[[ DATA IN THIS EXERCISE, beginning ]]
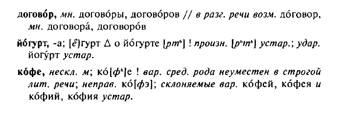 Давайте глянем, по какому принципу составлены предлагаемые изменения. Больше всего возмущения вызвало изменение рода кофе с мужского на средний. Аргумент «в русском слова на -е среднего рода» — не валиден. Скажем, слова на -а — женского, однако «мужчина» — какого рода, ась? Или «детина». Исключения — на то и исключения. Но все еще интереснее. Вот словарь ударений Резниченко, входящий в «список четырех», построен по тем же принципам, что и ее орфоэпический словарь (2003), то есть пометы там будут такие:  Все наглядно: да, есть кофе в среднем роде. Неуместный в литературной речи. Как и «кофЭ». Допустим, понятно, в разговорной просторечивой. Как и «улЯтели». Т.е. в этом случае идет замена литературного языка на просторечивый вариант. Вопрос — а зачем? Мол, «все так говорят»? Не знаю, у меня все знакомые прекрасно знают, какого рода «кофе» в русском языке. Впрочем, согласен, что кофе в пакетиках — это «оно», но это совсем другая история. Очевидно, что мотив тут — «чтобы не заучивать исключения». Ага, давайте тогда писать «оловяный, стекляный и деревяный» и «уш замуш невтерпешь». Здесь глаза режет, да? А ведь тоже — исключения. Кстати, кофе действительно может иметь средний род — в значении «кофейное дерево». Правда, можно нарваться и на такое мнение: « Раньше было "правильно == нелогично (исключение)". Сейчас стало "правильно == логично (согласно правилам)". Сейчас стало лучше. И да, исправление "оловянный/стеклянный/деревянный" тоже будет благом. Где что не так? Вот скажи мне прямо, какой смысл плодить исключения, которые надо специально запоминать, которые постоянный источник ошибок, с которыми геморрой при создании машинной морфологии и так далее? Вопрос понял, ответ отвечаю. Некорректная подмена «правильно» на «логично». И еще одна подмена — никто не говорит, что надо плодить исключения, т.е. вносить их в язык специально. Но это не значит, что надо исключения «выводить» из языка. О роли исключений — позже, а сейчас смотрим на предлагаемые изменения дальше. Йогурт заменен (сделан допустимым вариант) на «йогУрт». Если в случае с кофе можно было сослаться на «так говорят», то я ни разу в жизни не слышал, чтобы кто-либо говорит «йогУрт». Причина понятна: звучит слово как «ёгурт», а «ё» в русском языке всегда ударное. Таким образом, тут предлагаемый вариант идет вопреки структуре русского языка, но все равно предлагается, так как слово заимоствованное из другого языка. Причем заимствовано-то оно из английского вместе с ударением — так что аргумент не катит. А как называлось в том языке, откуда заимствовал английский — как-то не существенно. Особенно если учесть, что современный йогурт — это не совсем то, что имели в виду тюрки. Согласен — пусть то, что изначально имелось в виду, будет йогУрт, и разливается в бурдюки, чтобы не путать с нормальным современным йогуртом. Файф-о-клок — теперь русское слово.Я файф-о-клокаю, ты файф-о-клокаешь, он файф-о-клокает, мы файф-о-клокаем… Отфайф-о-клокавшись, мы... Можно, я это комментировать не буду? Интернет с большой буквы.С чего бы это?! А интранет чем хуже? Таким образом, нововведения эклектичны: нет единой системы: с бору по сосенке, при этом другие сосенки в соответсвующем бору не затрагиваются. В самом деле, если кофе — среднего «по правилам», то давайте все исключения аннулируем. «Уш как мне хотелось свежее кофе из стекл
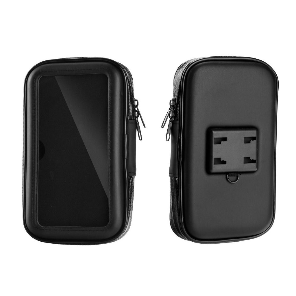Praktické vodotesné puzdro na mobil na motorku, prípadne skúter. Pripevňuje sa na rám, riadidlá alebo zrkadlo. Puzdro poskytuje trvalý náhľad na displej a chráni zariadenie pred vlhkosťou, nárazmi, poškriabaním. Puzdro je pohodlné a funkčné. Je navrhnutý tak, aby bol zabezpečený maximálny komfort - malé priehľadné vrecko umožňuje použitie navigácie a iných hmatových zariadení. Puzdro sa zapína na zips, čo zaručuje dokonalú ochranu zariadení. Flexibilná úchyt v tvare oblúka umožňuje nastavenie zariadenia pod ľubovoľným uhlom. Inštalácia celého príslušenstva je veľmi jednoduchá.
[[ DATA IN THIS EXERCISE, end ]]
[[ DATA IN THIS EXERCISE, beginning ]]
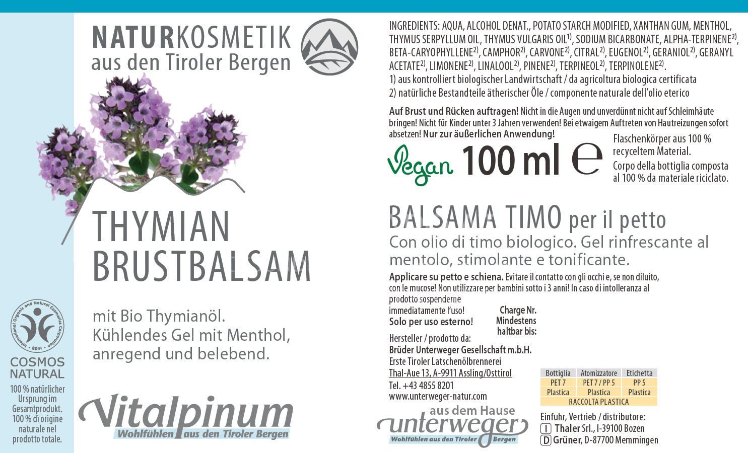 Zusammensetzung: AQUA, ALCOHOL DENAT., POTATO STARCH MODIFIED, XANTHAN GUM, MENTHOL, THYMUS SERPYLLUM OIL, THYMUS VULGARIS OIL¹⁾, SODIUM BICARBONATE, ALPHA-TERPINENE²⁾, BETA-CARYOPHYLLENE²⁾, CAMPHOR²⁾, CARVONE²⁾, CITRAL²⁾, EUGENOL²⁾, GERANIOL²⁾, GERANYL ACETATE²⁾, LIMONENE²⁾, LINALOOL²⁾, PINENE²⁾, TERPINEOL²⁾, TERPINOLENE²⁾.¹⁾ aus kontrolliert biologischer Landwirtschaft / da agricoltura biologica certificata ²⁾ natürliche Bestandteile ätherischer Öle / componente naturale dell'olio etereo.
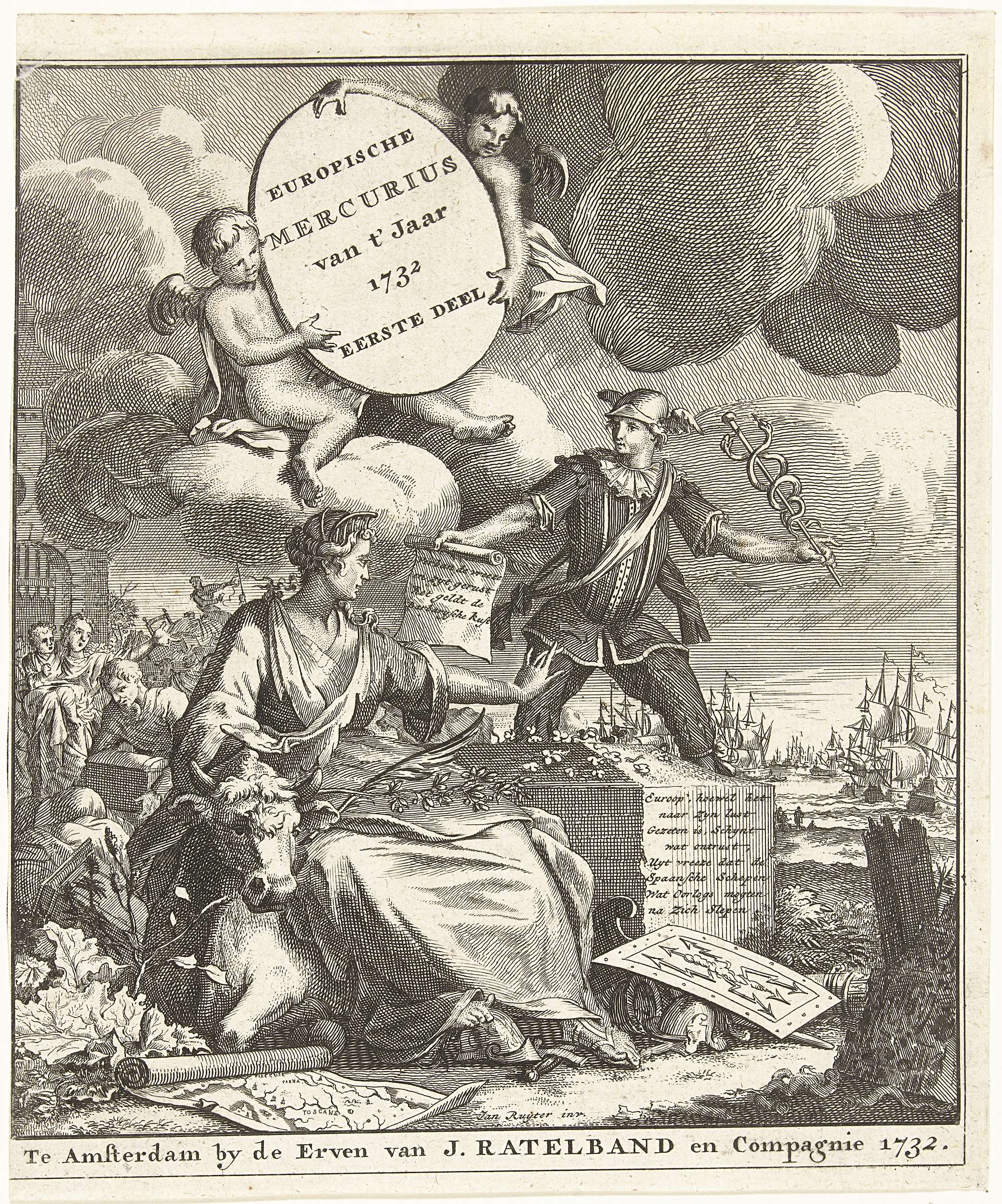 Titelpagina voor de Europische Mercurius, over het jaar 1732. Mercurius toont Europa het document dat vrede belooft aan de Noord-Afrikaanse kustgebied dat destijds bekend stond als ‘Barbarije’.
[[ DATA IN THIS EXERCISE, end ]]
• TASK TO CARRY OUT
Word for word, retype the lines in the entries above that run from the one with "Zusammensetzung: AQUA, ALCOHOL" through the one with "Titelpagina voor de". Both ends count; pictures do not.

• ANSWER TO THIS PROBLEM
 Zusammensetzung: AQUA, ALCOHOL DENAT., POTATO STARCH MODIFIED, XANTHAN GUM, MENTHOL, THYMUS SERPYLLUM OIL, THYMUS VULGARIS OIL¹⁾, SODIUM BICARBONATE, ALPHA-TERPINENE²⁾, BETA-CARYOPHYLLENE²⁾, CAMPHOR²⁾, CARVONE²⁾, CITRAL²⁾, EUGENOL²⁾, GERANIOL²⁾, GERANYL ACETATE²⁾, LIMONENE²⁾, LINALOOL²⁾, PINENE²⁾, TERPINEOL²⁾, TERPINOLENE²⁾.¹⁾ aus kontrolliert biologischer Landwirtschaft / da agricoltura biologica certificata ²⁾ natürliche Bestandteile ätherischer Öle / componente naturale dell'olio etereo.
 Titelpagina voor de Europische Mercurius, over het jaar 1732. Mercurius toont Europa het document dat vrede belooft aan de Noord-Afrikaanse kustgebied dat destijds bekend stond als ‘Barbarije’.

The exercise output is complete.